En outre, le Règlement de conciliation de la Chambre d'Arbitrage produit par la Sarl [2], dans une version non contemporaine de la signature de la lettre de mission, n'a pas été joint en annexe de ce contrat, paraphé par les parties, qui n'en fait aucune mention, de sorte qu'il ne constitue pas un tout compris dans le champ contractuel liant les parties.

Enfin, la cour constate qu'aucune des parties n'a engagé les voies amiables prétendument obligatoires avant l'instance au fond et que la Sarl [2] n'a soulevé le caractère obligatoire du recours à la conciliation préalable que pour la première fois à hauteur d'appel.

Dès lors, la cour en conclut que la clause litigieuse ne remplit pas les critères lui conférant la nature d'une fin de non-recevoir opposable au juge, et partant opposable à la Sasu [X] ou à [P] [X].

Les demandes de la Sasu [X] et de [P] [X] formulées à l'encontre de la Sarl [2] sont jugées recevables ; la fin de non-recevoir présentée par la Sarl [2] est rejetée.

Sur l'irrecevabilité des demandes formulées par [P] [X] pour défaut d'intérêt à agir

La Sarl [2] soutient que [P] [X] ne peut formuler à son encontre des demandes sur le fondement de sa responsabilité contractuelle puisqu'elle n'avait pas de lien contractuel avec l'appelant, étant l'expert-comptable de la seule Sasu [X], et conteste la faculté de la Sasu [X] d'avoir représenté [P] [X] ou d'avoir postulé pour son compte lors de la signature de la lettre de mission du 3 octobre 2014.

Elle soutient également que [P] [X] ne peut pas rechercher sa responsabilité sur un fondement délictuel en raison du principe de non cumul des responsabilités contractuelle et délictuelle et que dès lors, les demandes de l'appelant sont infondées juridiquement.
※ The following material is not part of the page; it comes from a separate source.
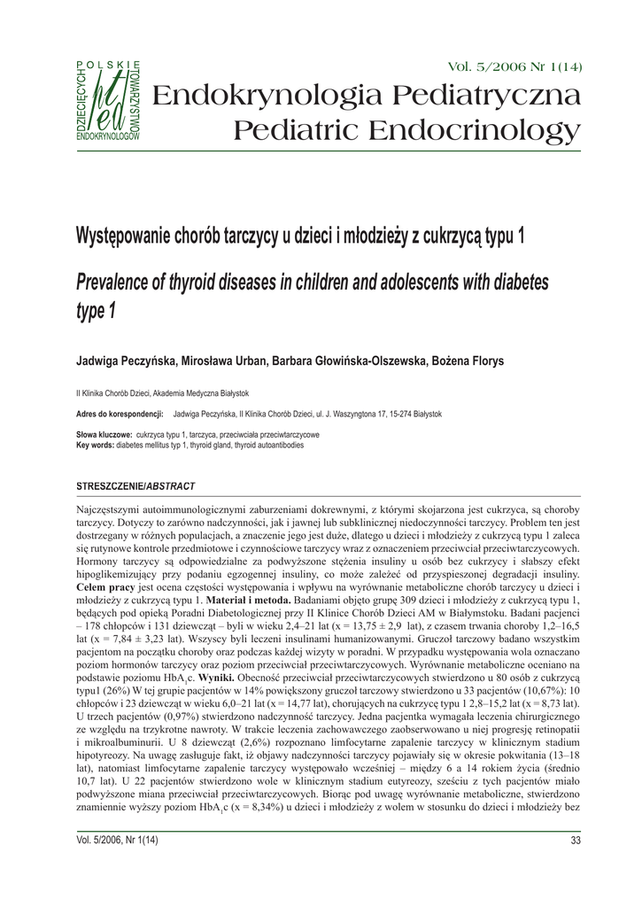 Vol. 5/2006 Nr 1(14) Endokrynologia Pediatryczna Pediatric Endocrinology Występowanie chorób tarczycy u dzieci i młodzieży z cukrzycą typu 1 Prevalence of thyroid diseases in children and adolescents with diabetes type 1 Jadwiga Peczyńska, Mirosława Urban, Barbara Głowińska-Olszewska, Bożena Florys II Klinika Chorób Dzieci, Akademia Medyczna Białystok Adres do korespondencji: Jadwiga Peczyńska, II Klinika Chorób Dzieci, ul. J. Waszyngtona 17, 15-274 Białystok Słowa kluczowe: cukrzyca typu 1, tarczyca, przeciwciała przeciwtarczycowe Key words: diabetes mellitus typ 1, thyroid gland, thyroid autoantibodies STRESZCZENIE/ STRESZCZENIE/ABSTRACT Najczęstszymi autoimmunologicznymi zaburzeniami dokrewnymi, z którymi skojarzona jest cukrzyca, są choroby tarczycy. Dotyczy to zarówno nadczynności, jak i jawnej lub subklinicznej niedoczynności tarczycy. Problem ten jest dostrzegany w różnych populacjach, a znaczenie jego jest duże, dlatego u dzieci i młodzieży z cukrzycą typu 1 zaleca się rutynowe kontrole przedmiotowe i czynnościowe tarczycy wraz z oznaczeniem przeciwciał przeciwtarczycowych. Hormony tarczycy są odpowiedzialne za podwyższone stężenia insuliny u osób bez cukrzycy i słabszy efekt hipoglikemizujący przy podaniu egzogennej insuliny, co może zależeć od przyspieszonej degradacji insuliny. Celem pracy jest ocena częstości występowania i wpływu na wyrównanie metaboliczne chorób tarczycy u dzieci i młodzieży z cukrzycą typu 1. Materiał i metoda. Badaniami objęto grupę 309 dzieci i młodzieży z cukrzycą typu 1, będących pod opieką Poradni Diabetologicznej przy II Klinice Chorób Dzieci AM w Białymstoku. Badani pacjenci – 178 chłopców i 131 dziewcząt – byli w wieku 2,4–21 lat (x = 13,75 ± 2,9 lat), z czasem trwania choroby 1,2–16,5 lat (x = 7,84 ± 3,23 lat). Wszyscy byli leczeni insulinami humanizowanymi. Gruczoł tarczowy badano wszystkim pacjentom na początku choroby oraz podczas każdej wizyty w poradni. W przypadku występowania wola oznaczano poziom hormonów tarczycy oraz poziom przeciwciał przeciwtarczycowych. Wyrównanie metaboliczne oceniano na podstawie poziomu HbA1c. Wyniki. Obecność przeciwciał przeciwtarczycowych stwierdzono u 80 osób z cukrzycą typu1 (26%) W tej grupie pacjentów w 14% powiększony gruczoł tarczowy stwierdzono u 33 pacjentów (10,67%): 10 chłopców i 23 dziewcząt w wieku 6,0–21 lat (x = 14,77 lat), chorujących na cukrzycę typu 1 2,8–15,2 lat (x = 8,73 lat). U trzech pacjentów (0,97%) stwierdzono nadczynność tarczycy. Jedna pacjentka wymagała leczenia chirurgicznego ze względu na trzykrotne nawroty. W trakcie leczenia zachowawczego zaobserwowano u niej progresję retinopatii i mikroalbuminurii. U 8 dziewcząt (2,6%) rozpoznano limfocytarne zapalenie tarczycy w klinicznym stadium hipotyreozy. Na uwagę zasługuje fakt, iż objawy nadczynności tarczycy pojawiały się w okresie pokwitania (13–18 lat), natomiast limfocytarne zapalenie tarczycy występowało wcześniej – między 6 a 14 rokiem życia (średnio 10,7 lat). U 22 pacjentów stwierdzono wole w klinicznym stadium eutyreozy, sześciu z tych pacjentów miało podwyższone miana przeciwciał przeciwtarczycowych. Biorąc pod uwagę wyrównanie metaboliczne, stwierdzono znamiennie wyższy poziom HbA1c (x = 8,34%) u dzieci i młodzieży z wolem w stosunku do dzieci i młodzieży bez Vol. 5/2006, Nr 1(14) 33 Praca oryginalna Endokrynol. Ped., 5/2006;1(14):33-38 jawnych objawów chorób tarczycy (x = 7,7%). Stwierdzono także znamiennie wyższe zapotrzebowanie na insulinę u pacjentów z jawnymi objawami chorób tarczycy (0,93 vs 0,80 IU/kg/dobę). U 15 osób z wolem (46%) odnotowano w wywiadzie rodzinnym obciążenia chorobami tarczycy. Wnioski: 1. Choroby tarczycy występują często wśród dzieci i młodzieży z cukrzycą typu 1, dwukrotnie częściej u dziewcząt. 2. Choroby tarczycy wpływają na pogorszenie wyrównania metabolicznego. Endokrynol. Ped., 5/2006;1(14):33-38 The most frequent autoimmunologic endocrinologic disorders connected with diabetes are thyroid disorders. This include hyperthyroidism, as well as overt and incipent subcliniced hypothyroidism. The problem is of great importance, therefore in diabetic children and adolescents routine control of thyroid gland with evaluation of thyroid hormons and antythyroid antybodies is recommended. Thyroid hormones are responsible for elevated insulin levels in people without diabetes, and poor hypoglycaemic effect during exogenic insulin treatment, what can be dependent or increased insulin degradation. The aim of the study was evaluation of prevalence of thyroid disorders and influence on metabolic control in children and adolescents with diabetes type1. Materials and methods. The study was carried out on 309 children and + heir adolscents with diabetes type 1. Patients were 2.4–21 yrs old (x = 13.75 yrs), with diabetes duration 1.2–16.5 yrs (x = 7.84 yrs); 178 boys and 131 girls. All were treated with human insulins. Thyroid gland was assessed at the beginning of the disease and during every outpatient control visit. In case struma was found, we assessed hormon levels and antythyroid antibodies. Metabolic control was evaluated on the basis of HbA1c level. Results. The presence of antythyroid antybodies was found in 80 patients with diabetes type 1 (26%). In this group 14% had struma simplex. Totally, struma was found in 33 patients (10.67%): 10 boys and 23 girls, aged 6,0–21 yrs (x = 14.77 yrs), suffering from diabetes type 1 2.8–15.2 yrs (x = 8.73 yrs). In 3 patients (0.97%) we recognized hyperthyroidism. One patient (a girl) had surgical treatment, because of three recurrences of the disease. During farmacologic treatment of the hyperthyroidism we observed progression of retinopathy and microalbuminuria in this patient. In 8 girls (2.6%) lymphocytic thyroiditis was recognized, in clinical stadium of hypothyreosis. Hyperthyroidism was found durin

En réplique, [P] [X] affirme que son action est recevable car il est en droit de rechercher à la fois la responsabilité contractuelle de la Sarl [2] en qualité de contribuable ayant dû subir un redressement fiscal du fait du manquement de l'expert-comptable à son devoir de conseil et de l'irrégularité de ses déclarations fiscales personnelles, et sa responsabilité délictuelle, en qualité de tiers invoquant une faute contractuelle de l'expert-comptable dans ses rapports avec la Sasu [X], lui ayant causé personnellement un dommage découlant de la mise en jeu de sa garantie d'actif-passif consentie dans l'acte de cession des parts sociales.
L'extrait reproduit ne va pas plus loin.